Crossed immunoelectrophoretic studies of the solubility immunogenicity of herpes simplex virus antigens

Abstract

The nonionic detergent Triton X-100 was capable of solubilizing 90% of the protein content in herpes simplex virus (HSV)-infected rabbit cornea cells. The solubilized HSV antigens formed well-characterized precipitates by crossed immunoelectrophoresis in Triton X-100-containing agarose gel, allowing both identification and relative quantitation. Water-soluble and detergent-requiring HSV antigens were identified by different solubilization procedures in buffer with and without detergent. Five glycoprotein antigens were solubilized only in the presence of detergent, indicating their membrane-bound state. One non-glycosylated antigen was present in both a water-soluble and a membrane-bound form. Based upon the crossed immunoelectrophoretic precipitating patterns of Triton X-100-solubilized HSV antigens, it has been estimated that infected cells yield an amount of virus-specific protein equivalent to 2,000 enveloped virions per cell.

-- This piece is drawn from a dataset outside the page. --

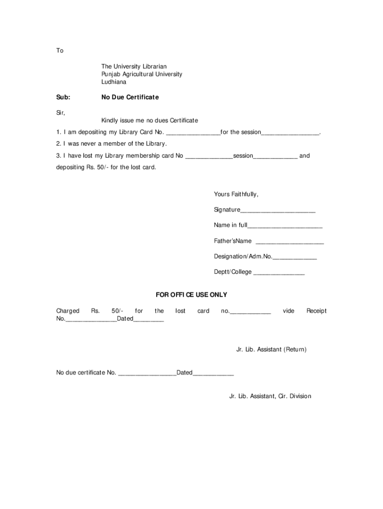 To The University Librarian Punjab Agricultural University Ludhiana Sub: Sir, No Due Certificate Kindly issue me no dues Certificate1. I am depositing my Library Card No. ___for the session___. 2.

Rabbits inoculated intracutaneously with Triton X-100-solubilized HSV antigens developed neutralizing antibodies against HSV almost as effectively as rabbits with an active HSV infection. Precipitins against individual HSV antigens in sera from rabbits infected with HSV and immunized with the Triton X-100-solubilized HSV antigens were assayed by the crossed immunoelectrophoretic technique. Sera from infected rabbits reacted more strongly and with a higher number of HSV antigens than sera from immunized rabbits.